The Corpus Christi Caller-Times stood with pro-choice advocates like Wendy Davis in opposition to Texas’ pro-life legislative agenda, and even they can’t see a reason to oppose this bill:
Cornyn’s bill is a step forward, not backward, in advocacy for women. It would encourage law enforcement to pursue the traffickers who turn women and children into unwilling participants in sex trade. It also would use the fines paid by traffickers to establish a $30 million fund to help trafficking victims.
The bill includes the well-known Hyde Amendment, a regular feature of appropriations bills since 1976, which prohibits tax money from being used for abortion. In the Cornyn bill, the Hyde amendment’s application is distinct in that the funding is from fines, not taxes, and the authorization is for five years rather than one. Those distinctions are no reason to oppose the bill in the name of abortion-rights orthodoxy, as Senate Democrats have done. The funding source still is federal and Hyde Amendment approvals are routine.
The LA Times doesn’t like the Hyde Amendment on its best day, but they don’t think Democrats should hold the bill hostage over it:
The bill got stopped in its tracks when Senate Democrats belatedly noticed that the victims’ fund would be covered by the restrictions of the Hyde Amendment, which forbids the use of federal money for abortions. That has ignited a nasty fight, with Democrats accusing Republicans of overreaching by refusing abortion services to trafficked girls and women, and Republicans accusing Democrats of trying to undermine a long-established law.
This page has never approved of the Hyde Amendment, and we have no desire to see its restrictions imposed on this bill or any other, for that matter. But the Hyde Amendment has been the law for many years.

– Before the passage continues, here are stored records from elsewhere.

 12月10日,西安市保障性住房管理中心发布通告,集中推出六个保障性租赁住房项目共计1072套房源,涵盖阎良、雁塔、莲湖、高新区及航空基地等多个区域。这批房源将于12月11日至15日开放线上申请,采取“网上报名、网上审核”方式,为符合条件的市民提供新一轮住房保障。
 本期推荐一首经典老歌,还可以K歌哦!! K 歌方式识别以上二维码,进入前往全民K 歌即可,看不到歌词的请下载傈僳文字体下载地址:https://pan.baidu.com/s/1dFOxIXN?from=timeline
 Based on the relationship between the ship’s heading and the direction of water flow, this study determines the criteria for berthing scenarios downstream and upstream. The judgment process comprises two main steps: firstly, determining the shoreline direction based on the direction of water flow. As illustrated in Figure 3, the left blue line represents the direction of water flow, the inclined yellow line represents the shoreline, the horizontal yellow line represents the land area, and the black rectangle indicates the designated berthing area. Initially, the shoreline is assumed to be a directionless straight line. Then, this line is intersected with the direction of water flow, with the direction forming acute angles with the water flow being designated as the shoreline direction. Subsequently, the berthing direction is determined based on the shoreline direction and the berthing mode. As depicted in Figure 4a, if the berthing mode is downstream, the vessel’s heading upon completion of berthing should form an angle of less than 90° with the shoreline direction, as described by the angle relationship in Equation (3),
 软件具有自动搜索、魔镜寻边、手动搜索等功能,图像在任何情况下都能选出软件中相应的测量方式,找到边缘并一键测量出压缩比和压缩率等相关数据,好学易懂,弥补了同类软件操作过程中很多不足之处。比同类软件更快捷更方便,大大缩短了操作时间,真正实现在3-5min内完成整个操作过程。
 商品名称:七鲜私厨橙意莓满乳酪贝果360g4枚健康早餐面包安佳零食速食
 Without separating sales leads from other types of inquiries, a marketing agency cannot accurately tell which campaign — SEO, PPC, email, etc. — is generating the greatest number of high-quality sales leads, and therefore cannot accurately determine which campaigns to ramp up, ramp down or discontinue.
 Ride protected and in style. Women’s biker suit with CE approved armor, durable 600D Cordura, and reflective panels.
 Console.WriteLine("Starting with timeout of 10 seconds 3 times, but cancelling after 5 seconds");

A fight over whether a fraction of the projected millions of dollars in aid to victims of trafficking and hunters of traffickers can be used on abortion services seems fruitless, and the bill should not be derailed by such a fight.
If the mainstream media can get behind this bill—even in spite of their sometimes strenuous objections to the use of the Hyde Amendment’s provisions preventing federally-funded abortions—why can’t Democrats?